“Please, Tilly, where may I wash?” Emily asked, certain that Tilly had forgotten about that, too.
Tilly jerked a thumb over her shoulder. “Two doors back down the passageway that way. And see you doesn’t take all day ’bout it!”
The cold, damp, stone washroom would hardly give anyone the desire to “take all day ’bout it.” Emily was happy to escape it as quickly as possible, her fingers still stinging from the icy water provided by the cracked enamel pitcher. When she returned to the room, however, Tilly no longer had the hat on her head. Instead she was holding it in one hand and with the other stroking the fur as if it were a small animal.
“It’s nice,” she said dreamily. “Where’s it come from? A rabbit?”
“No,” replied Emily.
“What then?” Tilly persisted.
“An—an ermine,” Emily said. Then she promptly wished she had thought to say weasel, which didn’t sound nearly so royal.
Tilly’s pale eyelashes flew upward. “Oooh!”
“You—you may borrow it any time you like, Tilly,” Emily said quickly.
“Mights as well,” Tilly replied. “It don’t look too good on you with y’r hair all hanging ’round in strings.”
Emily thought this a remarkably ungracious acceptance speech, but decided it would be best to say no more about it. She simply remained perched on the edge of the cot until Tilly should be ready to leave.
Tilly continued stroking the hat a moment longer, and then looked up at Emily slyly. “I bets you has lots o’ pretty things in that bag. Ain’t you going to open it now?”
Emily hesitated. The key to the bag was hanging on the gold chain around her neck, along with her locket, where Mrs. Leslie had put it so she would be certain not to lose it. She would have loved right then to open her travelling bag and pull out her warm pink shawl. She was shivering in her silk dress. But the look on Tilly’s face, together with the sudden recollection of what else lay in the suitcase, made her settle instead on telling a lie, the first she had ever told. She drew a deep breath. “I—I haven’t the key, Tilly. My—my aunt has it.”
To Emily’s relief, Tilly never noticed the hesitation. “You is going to let me look at ’em some time else then, ain’t you?” she said, stroking the fur. Then without waiting for a reply, she went right on, smooth as syrup, into, “Us ought to be friends, Emily. I means, us both being orphings, and all that.”
Emily had already determined that she would try to be as friendly to Tilly as possible, but she was not at all certain that they could actually be friends, even if they were both “orphings.” A friend was someone she could trust, like Theodora, who had been her best friend and with whom she had shared all her confidences. How could anyone share a confidence with Tilly? Emily was greatly relieved, therefore, that Tilly did not seem to expect a lifelong pledge of devotion at that moment. Instead she thrust the tam-o’-shanter into her apron pocket (making Emily wonder if she would ever see it again), and started for the door.
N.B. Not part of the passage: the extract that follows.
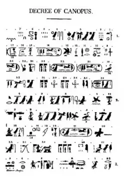 - ↑ Samuel Shaepe: The Decree of Canopus, in hieroglyphics and Greek: With Translations, and an Explanation of the Hieroglyphical Characters. J. Russel Smith, London 1870, Tafel 1 (Volltext als PDF).

Emily hurried after her as she stumped back down the passageway. “Tilly?” She shuddered as she glanced back over her shoulder. “What—what about the Remembrance Room?”
“Well, what ’bout it?” snapped Tilly.
“When is the person going to be let out?”
“Oh, it,” said Tilly indifferently. “Depends on what it done. After dinner most likely. But if it done something terrible, like snitching two peppermints, then it gets to spend the night.”
Spend the night in the Remembrance Room! The thought was so horrifying that Emily failed to notice Tilly stopping at the top of the stairs until she felt a sharp pinch on her arm. The squeak she let out was cut in half by Tilly’s hand clapped tightly over her mouth.
“Shhh! That’s to remind you us is to be equals. Mrs. Meeching says so. So no nanky-panky from y’r aunt, or else! You gets that?”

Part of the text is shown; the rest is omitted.